*Problem to work on*
Include in the reply only the lines from the start of the data below through the line containing "A silhouette rider", reproduced exactly and with no pictures.

::: Data excerpts

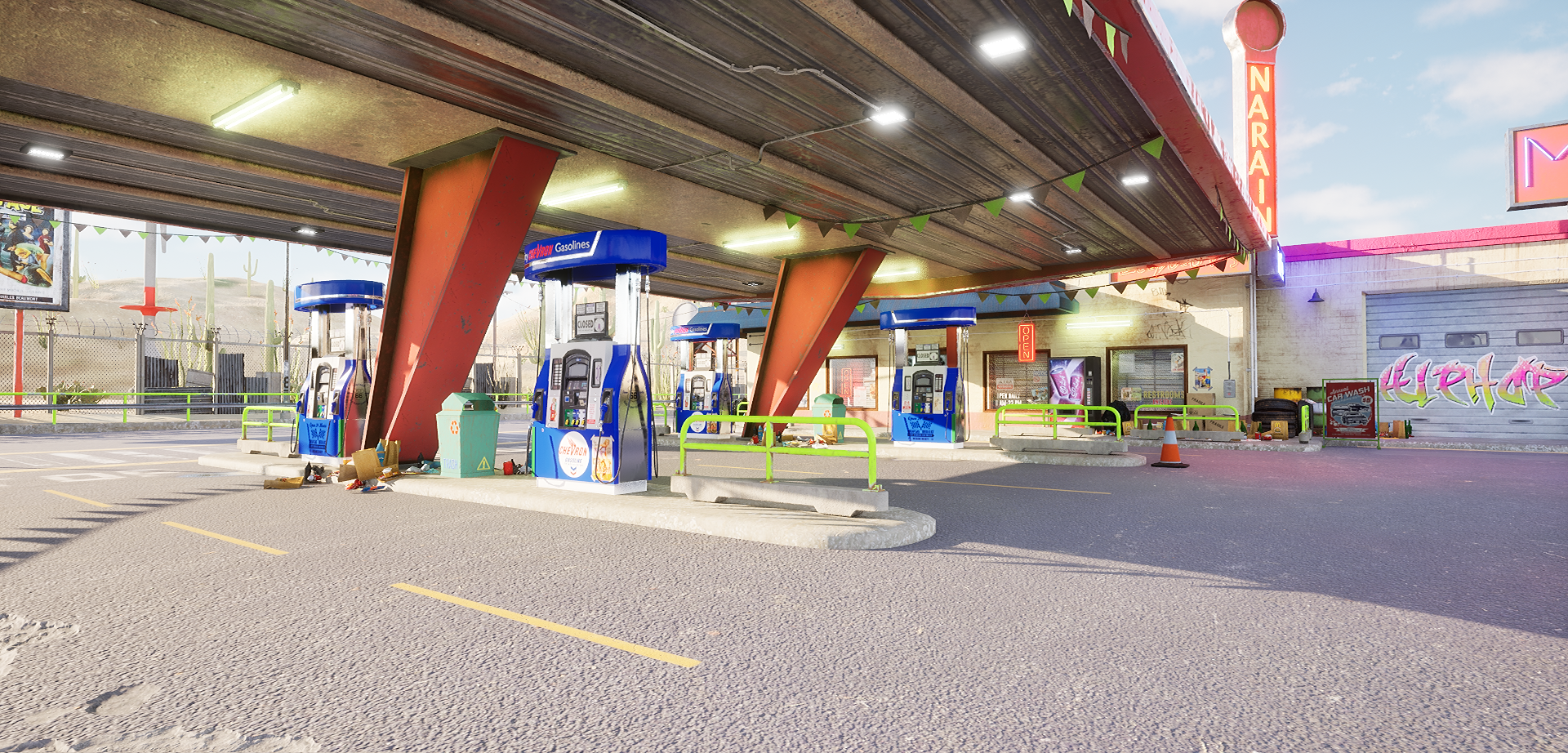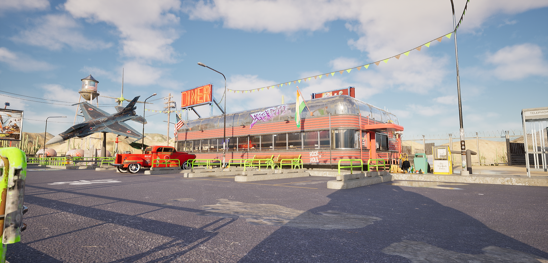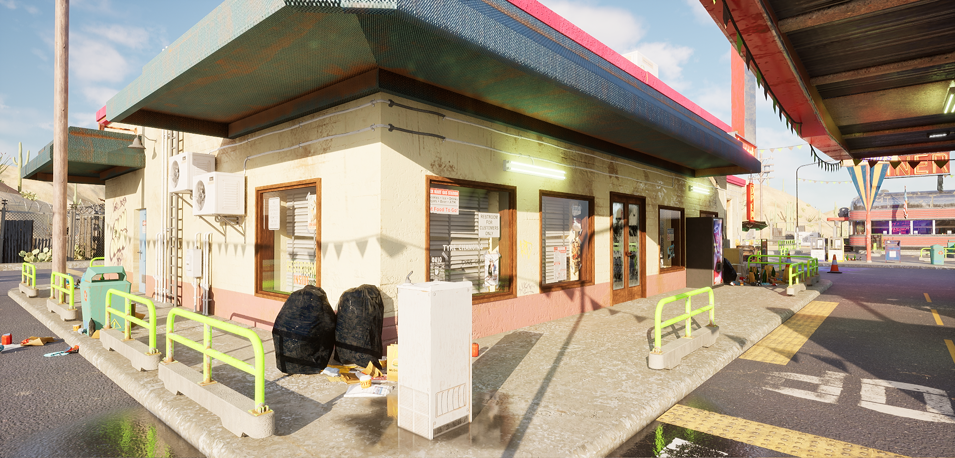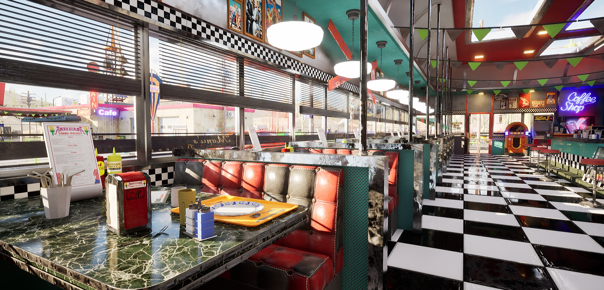 This project presents a detailed recreation of an American diner and fuel station, inspired by classic roadside stops commonly found across the United States. The environment captures the nostalgic charm and functional design typical of these locations. The majority of the assets featured in the scene are meticulously crafted from scratch, ensuring originality and attention to detail. The modeling process was carried out using Maya, where each element was carefully shaped to achieve realistic proportions and structure. Texturing was done in Substance Painter, allowing for precise material application and weathering effects to enhance authenticity. Finally, the entire scene was assembled and rendered in Unreal Engine 5, leveraging its advanced lighting and visual capabilities to create an immersive and lifelike environment.
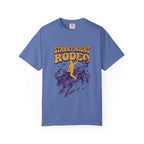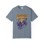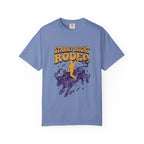A silhouette rider leaping across a star-filled cosmic bull. Part rodeo grit, part galaxy vibes, all OFFHOURS. This garment-dyed Comfort Colors 1717 tee has that broken-in warmth from the jump. Heavyweight cotton that drapes easy, colors that look vintage from day one. For the cowboys who look up at the sky and wonder what's out there.
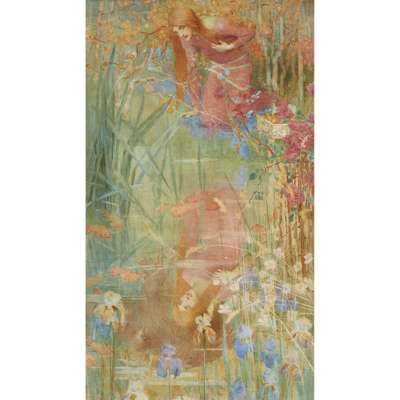 In stylistic terms, with its references to Edward Burne-Jones and John William Waterhouse, the work is decidedly of the Celtic Revival period, and is likely to have been painted some years before the Barcelona exhibition at which it was awarded a silver medal. It chimes with that of some of Codrington’s Royal Academy Schools contemporaries – Edwardian Pre-Raphaelites such as Frank Cadogan Cowper, Charles Sims and John and Mary Young Hunter who also appealed to myths and fairy tales from northern Europe and Scandinavia.
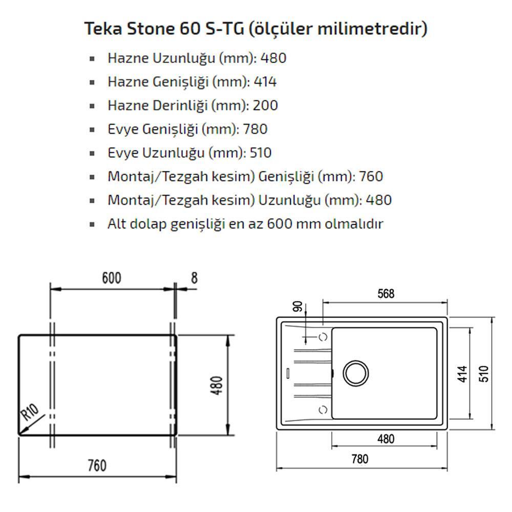 Mutfaklarınızda şıklığı ve fonksiyonelliği bir arada sunan Teka Stone 60 S-TG granit evye, modern tasarımı ve üstün malzeme kalitesiyle öne çıkıyor. Ürünün özellikleri;
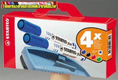 STABILO Plan Táblamarker készlet, 2,5-3,5 mm, kúpos, szivaccsal, , 4 különböző szín
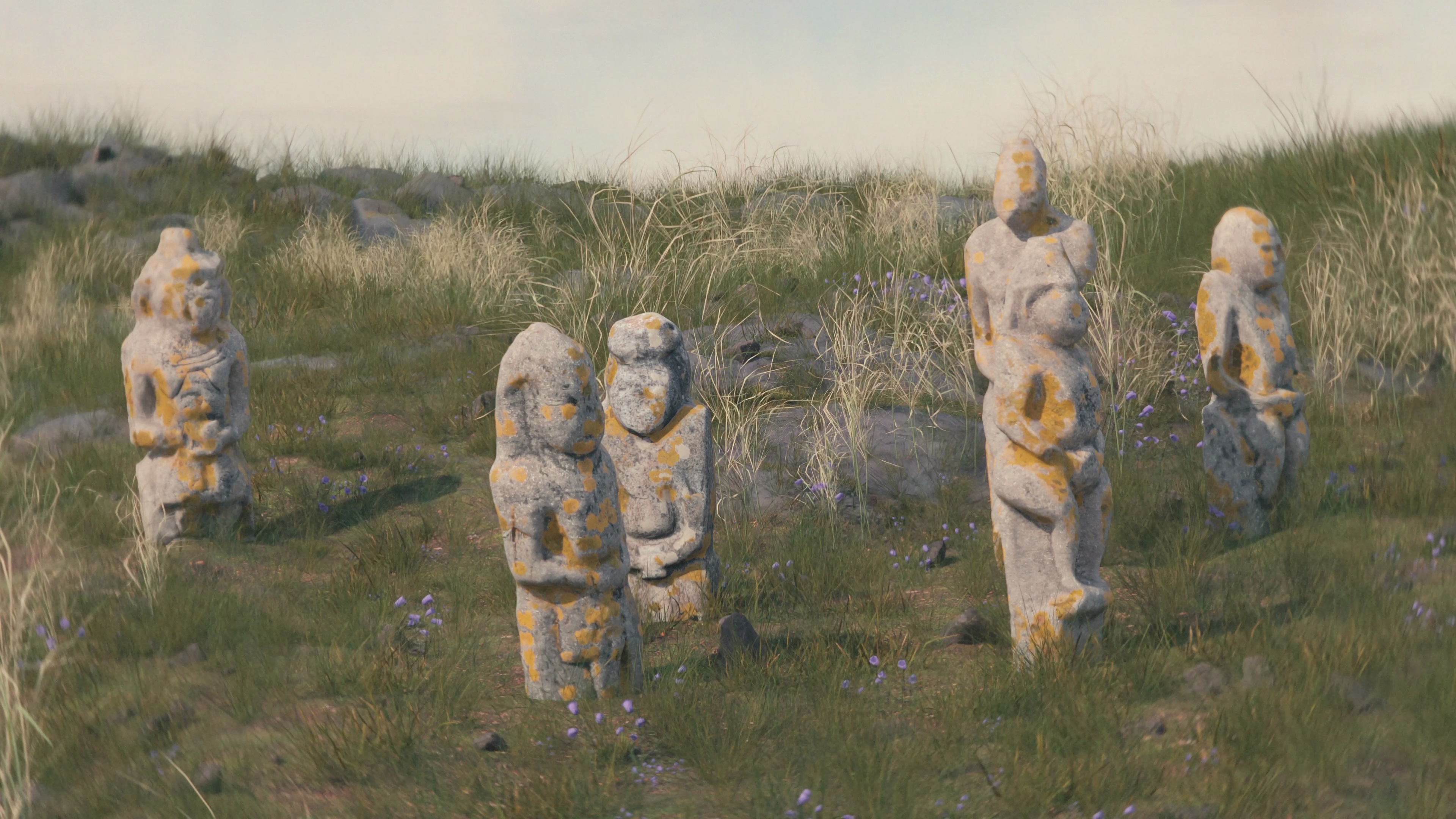 By encapsulating grief in stone or other materials that endure time, the seeming expiration date of sorrow and grief gets sidelined. Not only can we find these examples within architectural modes, but we can also recognize the refusal to submit to the lack of time for grief in art. I feel that the work After Time (2024) by Polina Davydenko is a beautiful intersection of memorial sculpture and contemporary art, exemplifying how material culture can hold stories of loss and grief that can long outlive us. In the film, we see six stone sculptures in a changing environment. They are located in a field, but soon this changes to a landscape filled with snow, then a hurlwind of flames follows. The sculptures, or so-called ‘babbas’, are personifications of ancestors that were crafted to help the deceased cross from the world of the living to the land of the dead. The sculptures can be found in Izium, a city in Ukraine. Against a backdrop of the changing seasons, Davydenko exemplifies the ongoing wait for a war that is seemingly never-ending. It points to the persistence of grief, how it can stick with us over the passing of time, through the seasons of our lives. The war has brought a lot of destruction and loss to Davydenko’s country. These baba’sーstone sculpturesーact like silent observers of this. Their materiality ensures their long-lasting presence in this world; however, their existence is also not guaranteed.

::::::

*Written answer*
 This project presents a detailed recreation of an American diner and fuel station, inspired by classic roadside stops commonly found across the United States. The environment captures the nostalgic charm and functional design typical of these locations. The majority of the assets featured in the scene are meticulously crafted from scratch, ensuring originality and attention to detail. The modeling process was carried out using Maya, where each element was carefully shaped to achieve realistic proportions and structure. Texturing was done in Substance Painter, allowing for precise material application and weathering effects to enhance authenticity. Finally, the entire scene was assembled and rendered in Unreal Engine 5, leveraging its advanced lighting and visual capabilities to create an immersive and lifelike environment.
A silhouette rider leaping across a star-filled cosmic bull. Part rodeo grit, part galaxy vibes, all OFFHOURS. This garment-dyed Comfort Colors 1717 tee has that broken-in warmth from the jump. Heavyweight cotton that drapes easy, colors that look vintage from day one. For the cowboys who look up at the sky and wonder what's out there.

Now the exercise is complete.